#### TASK REQUIREMENTS
Repeat everything in the data exactly except images.

#### SUPPLIED DATA
Content starts
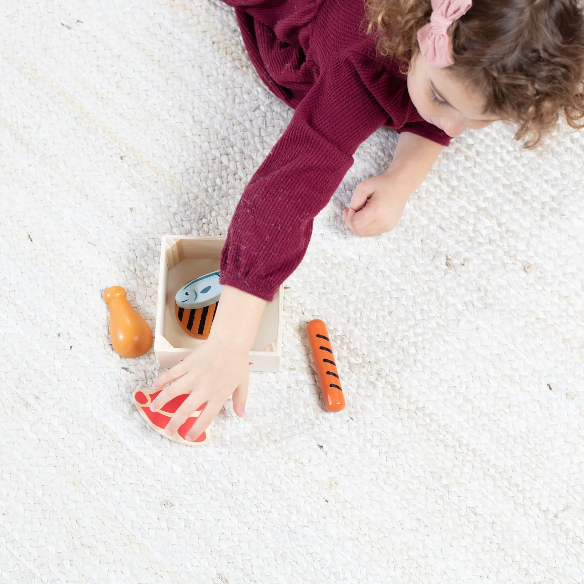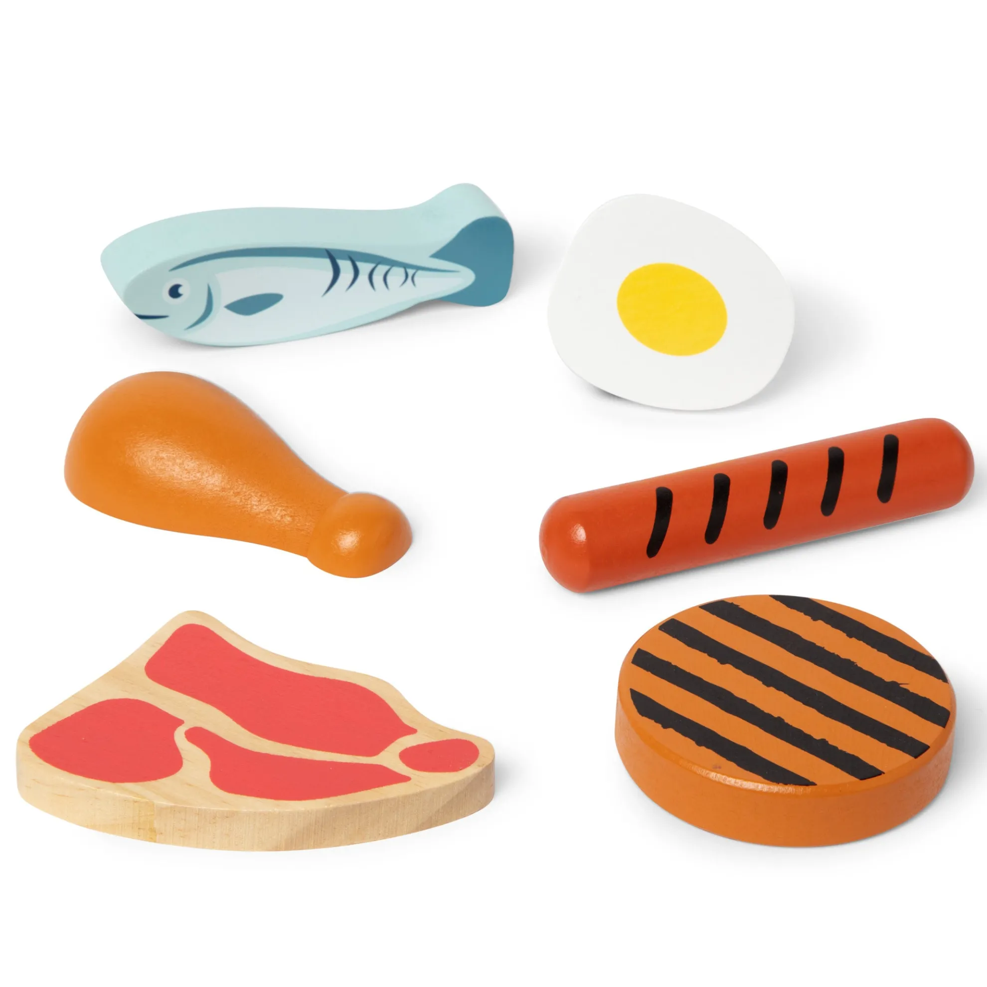 - Wooden play food set featuring items from the protein food group
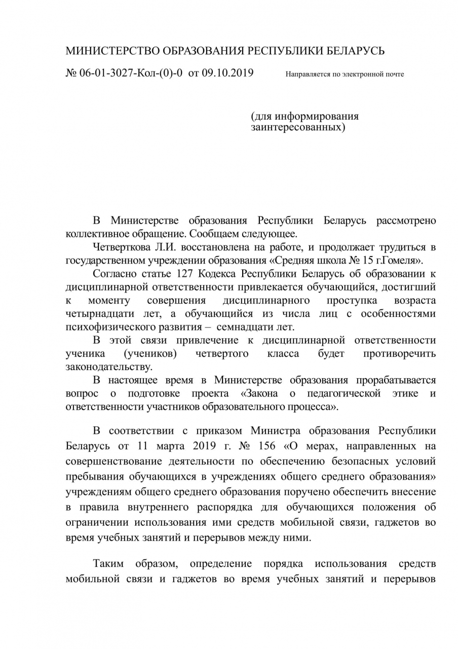 Четверткова Л.И. восстановлена на работе. Привлечение к дисциплинарной ответственности ученика (учеников) четвертого класса будет противоречить законодательству. Определение порядка использования средств мобильной связи и гаджетов во время учебных занятий и перерывов между ними находится в компетенции руководителя учреждения образования. В настоящее время в Министерстве образования прорабатывается вопрос о подготовке проекта «Закона о педагогической этике и ответственности участников образовательного процесса».
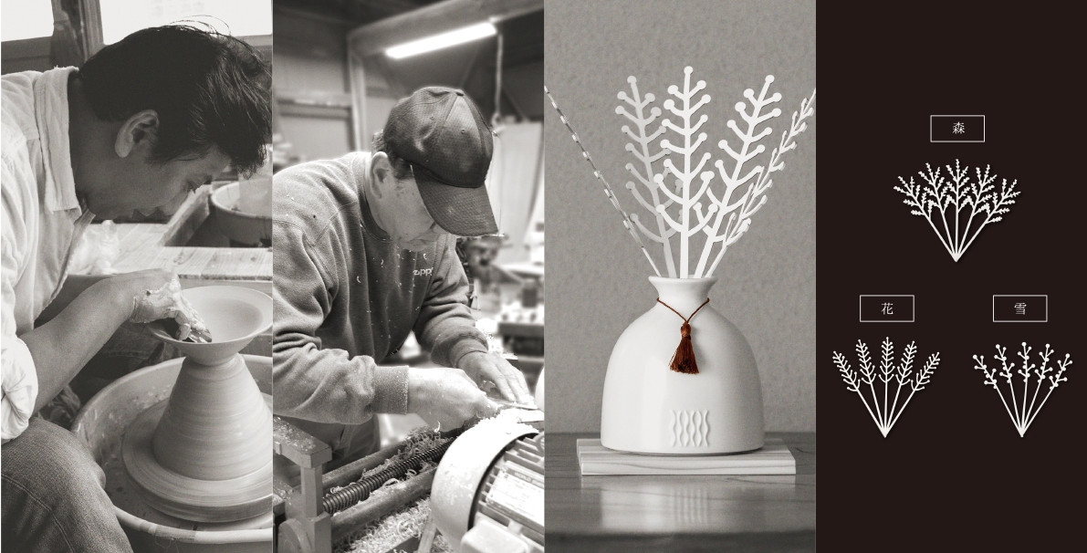 徳利をモチーフにしたオリジナルデザインの器の作陶を有田「李荘窯」に、コースターは日本固有種である吉野杉を採用、そして正絹のタッセルは京都の工芸職人による職人技が光る逸品であり、四季の草木をデフォルメして表現したオリジナルデザインのリードスティックは特殊な日本製の厚紙です。
Content ends
#### EXERCISE ANSWER
 - Wooden play food set featuring items from the protein food group
 Четверткова Л.И. восстановлена на работе. Привлечение к дисциплинарной ответственности ученика (учеников) четвертого класса будет противоречить законодательству. Определение порядка использования средств мобильной связи и гаджетов во время учебных занятий и перерывов между ними находится в компетенции руководителя учреждения образования. В настоящее время в Министерстве образования прорабатывается вопрос о подготовке проекта «Закона о педагогической этике и ответственности участников образовательного процесса».
 徳利をモチーフにしたオリジナルデザインの器の作陶を有田「李荘窯」に、コースターは日本固有種である吉野杉を採用、そして正絹のタッセルは京都の工芸職人による職人技が光る逸品であり、四季の草木をデフォルメして表現したオリジナルデザインのリードスティックは特殊な日本製の厚紙です。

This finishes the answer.